At first, kayakers may not notice the impact of weight between paddles. However, once you are a mile into your journey, your arms will feel the extra weight. A lighter paddle also helps to maintain form and ward off fatigue. This further enhances overall performance, as paddlers can maximize the efficiency of each stroke. While lighter paddles are often more expensive, you might find it worth it if you plan to go on longer ventures or are prone to joint pain.

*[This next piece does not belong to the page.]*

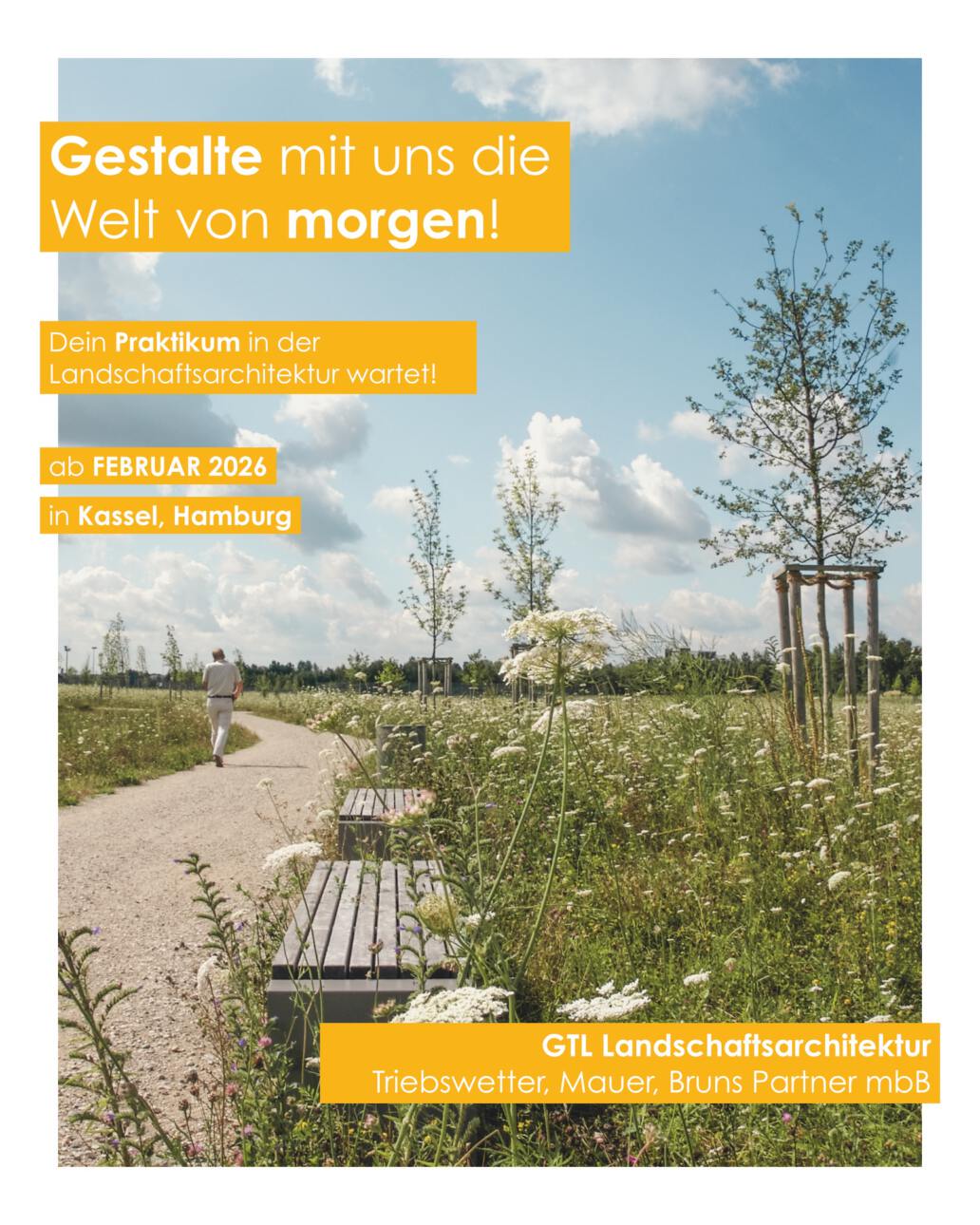 Wir suchen zur Unterstützung unseres Teams für die Standorte Kassel und Hamburg ab Februar 2026 Praktikant*innen in der Landschaftsarchitektur/Freiraumplanung. Die Praktikumsdauer sollte mindestens vier Monate betragen.

Those looking to enjoy extended journeys in their kayak will want to consider the lightweight Camano or Kalliste. These paddles are significantly lighter than others in this review fleet — but they are also more expensive. Heavier paddles tend to be more affordable, making them ideal for short, casual kayak tours when weight doesn't matter so much.

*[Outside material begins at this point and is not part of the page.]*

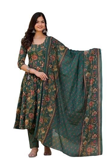 Women's Floral Embellished Anarkali Kurta with Churidar and Dupatta Set

The Aqua-Bound Sting Ray Carbon offers the best weight-to-value ratio in our lineup — it is considerably lighter than other paddles in a similar price bracket. Typically, heavier paddles are also more durable. However, the Sting Ray Carbon stands out for maintaining high durability and low weight.
Quality of Construction
While we can't use every product for years, we assess each paddle's wear and tear during testing to get a sense of its durability over time. In particular, we focus on the construction quality of the blades, where these join the shaft, and the ferrule between the two pieces of the paddle. Your paddle is useless if you can't assemble it or if the blades fall off.

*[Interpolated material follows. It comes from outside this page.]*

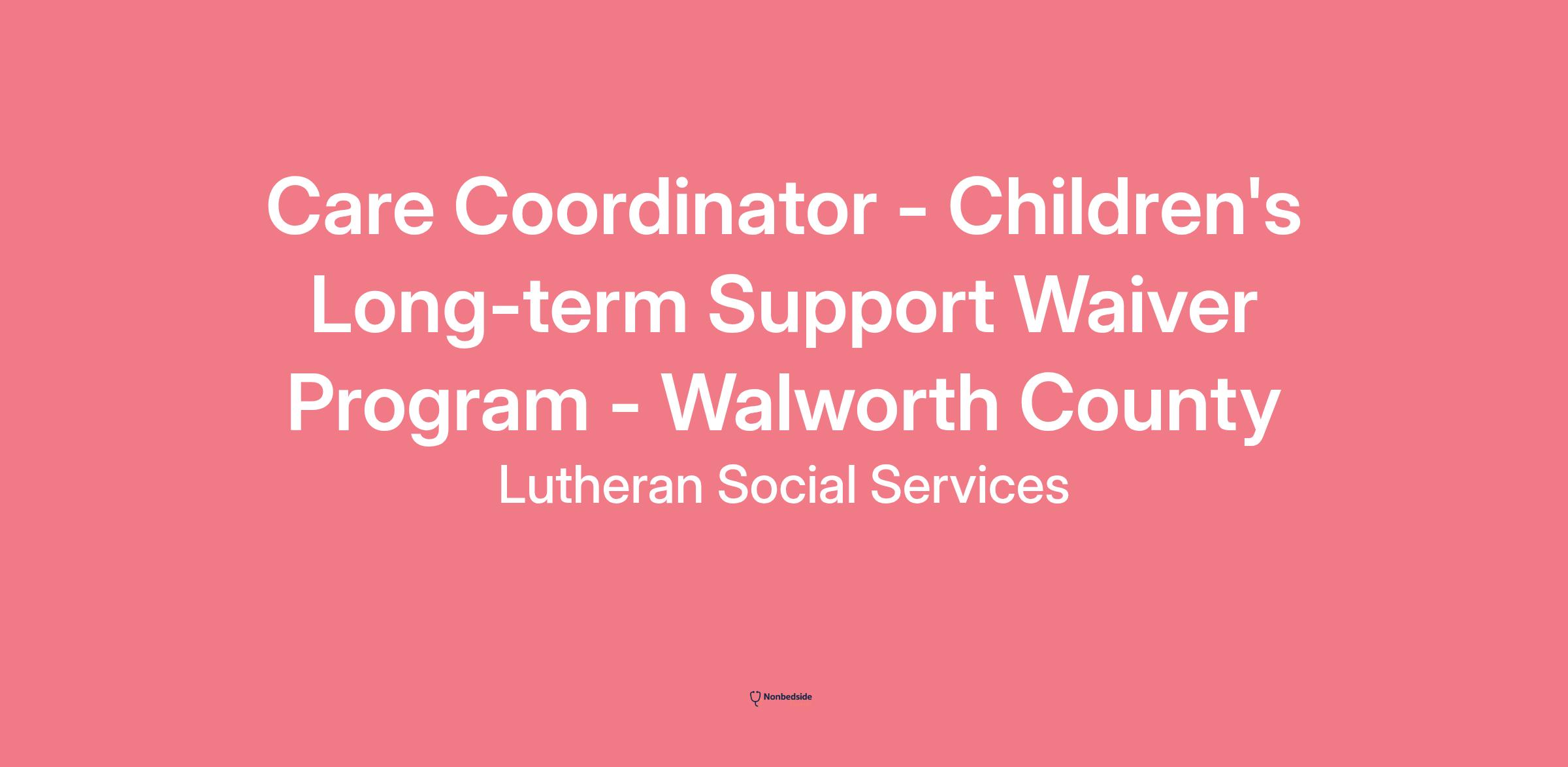 Lutheran Social Services of WI and Upper MI is currently seeking a Care Coordinator to join our Walworth County team!

The Aqua-Bound Sting Ray Carbon is a top performer in this metric. The polished finish of the Posi-Lok's internal shaft isn't prone to collecting sand or grit and was consistently easy to use. The abX carbon-reinforced nylon blades withstood use in rocky and sandy conditions with no evidence of wear. Additionally, though the Smart View system used on the Werner Kalliste, Skagit, and Camano was not immune to jamming with sand or grit, we found that it withstood these conditions better than any snap button system and was easier to use with cold hands.
The kayak paddles with fiberglass-infused nylon and polypropylene blades fared well in our tests, showing how these materials can withstand quite a battering. Despite this durability, those with a snap-button system on the paddles' shaft received lower overall quality scores, as they are prone to jamming. Luckily, a frequent rinse and monthly application of silicone lubricant should help you extend the life of this component. Also, proper storage and transport will considerably extend a paddle's life. Those that invest a couple of hundred dollars in a paddle may also consider obtaining a travel bag, as it aids in the longevity of your purchase.
The Carlisle Magic Plus doesn't have an elite blade design but stands out for the durability of its materials and the resulting quality of construction. The fiberglass-reinforced blades are securely attached to the shaft, and this robust paddle can handle anything you throw at it. It's made of thicker plastic than almost all the other paddles we tested and is not easily susceptible to dings, scratches, or dents like those made of more fragile materials. Similarly, despite its slightly below-average blade design, we felt the Perception Outlaw was noteworthy for its robust construction, particularly given its price point.
We relished the opportunity to put these paddles to the test in a wide variety of conditions. Using paddles ranging in quality side by side is a stark reminder of how a good paddle can make a big difference in your kayaking experience. Despite testers having different paddling backgrounds and experience levels, we unanimously agreed on all our award winners for this review. If you want to hit the water in your recreational touring kayak, our write-up will help you select the very best paddle to suit your needs. See all our top-rated paddles for all your water sports needs.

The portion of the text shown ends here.